Он сдергивает одеяло, и я вижу пучок грязных светлых волос. Кто эта бедная женщина? Мальчик забирается ей на колени, и она покрывает его личико поцелуями.

– Э-э-э, здравствуйте, – говорю я. – Меня зовут Салли, я…

Женщина поднимает голову. Я смотрю ей в глаза, и мой мир переворачивается с ног на голову.

– Мама? – шепчет она.

39

– Ханна! – выдыхаю я. – Что… что ты здесь делаешь?

– Дэвид устал, – говорит мальчик. – Мамочка, обними Дэвида.

Она обнимает мальчика и баюкает его на руках, как я ее баюкала, когда она была маленькой.

– Это твой сын? – спрашиваю я. Не знаю, что еще сказать.

Она смотрит на меня и кивает, и мне кажется, что мое сердце вырвали из груди.

Слишком много всего сразу.

Затем наверху раздаются шаги.

– Салли?

При звуке его голоса я поворачиваюсь и непроизвольно отнимаю руку ото рта.

– Ох, слава богу, ты здесь! – кричу я.

Однако вместо того, чтобы подойти ко мне, он идет к Ханне.

– Мы ее нашли, Пол, – всхлипываю я. – Нашу девочку.
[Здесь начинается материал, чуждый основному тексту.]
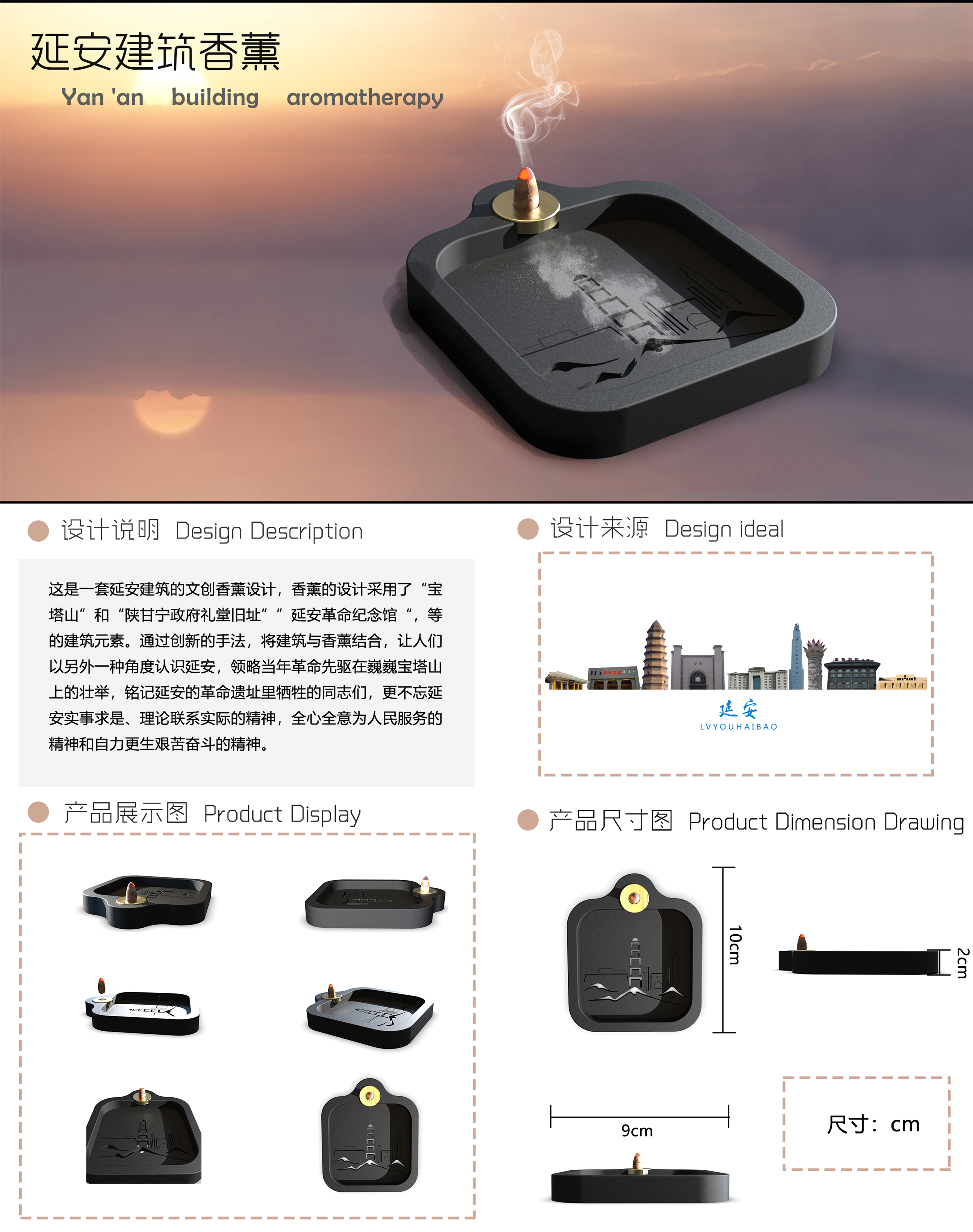 这是一套延安建筑的文创香薰设计,香薰的设计采用了“宝塔山”和“陕甘宁政府礼堂旧址””延安革命纪念馆“,等的建筑元素。通过创新的手法,将建筑与香薰结合,让人们以另外一种角度认识延安,领略当年革命先驱在巍巍宝塔山上的壮举,铭记延安的革命遗址里牺牲的同志们,更不忘延安实事求是、理论联系实际的精神,全心全意为人民服务的精神和自力更生艰苦奋斗的精神。
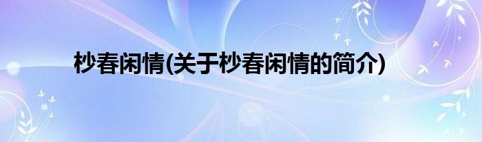 大家好,杪春闲情,关于杪春闲情的简介很多人还不知道,现在让我们一起来看看吧!
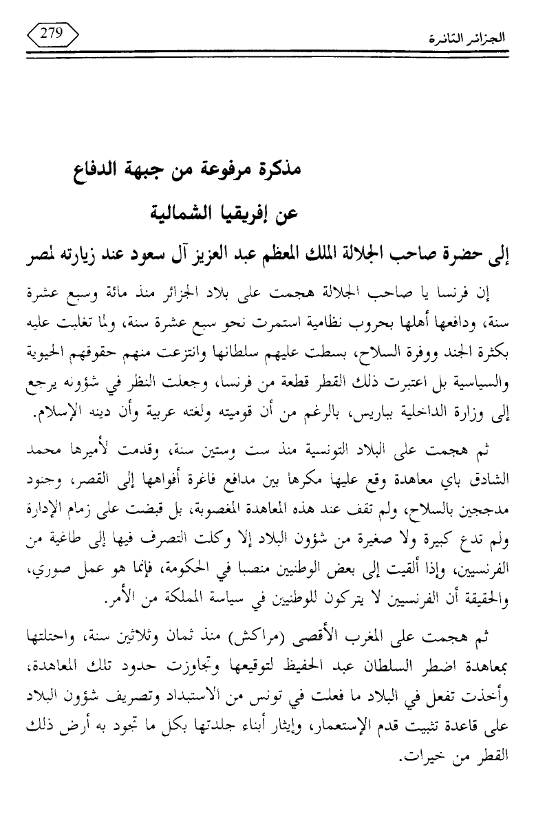 إن فرنسا يا صاحب الجلالة هجمت على بلاد الجزائر منذ مائة وسبع عشرة سنة، ودافعها أهلها بحروب نظامية استمرت نحو سبع عشرة سنة، ولما تغلبت عليه بكثرة الجند ووفرة السلاح، بسطت عليهم سلطانها وانتزعت منهم حقوقهم الحيوية والسياسية بل اعتبرت ذلك القطر قطعة من فرنسا، وجعلت النظر في شؤونه يرجع إلى وزارة الداخلية بباريس، بالرغم من أن قوميته ولغته عربية وأن دينه الإسلام.

Я двигаюсь им навстречу, но что-то меня останавливает. Пол держит Ханну перед собой, обхватывая ее одной рукой. Он разъярен.

– Пол? – спрашиваю я.

Потом я замечаю. У него в руке что-то есть. Что-то сверкающее.

– Что ты делаешь, Пол? Прикалываешься?

Слова легко слетают у меня с языка, и я едва-едва не смеюсь. Это ведь шутка, да?

– Более насущный вопрос, Салли, – говорит он, – Это что ты здесь делаешь? Что ты тут забыла? Закончилось бухло?

Это не шутка. Это происходит на самом деле.

Пол держит Ханну между нами, она так близко, что я чувствую ее дыхание на своей коже, как раньше, когда она засыпала у меня на плече. Ее прекрасные светлые волосы коротко подстрижены и торчат непослушными, жирными прядями. Она всегда так следила за своими волосами, так ими гордилась.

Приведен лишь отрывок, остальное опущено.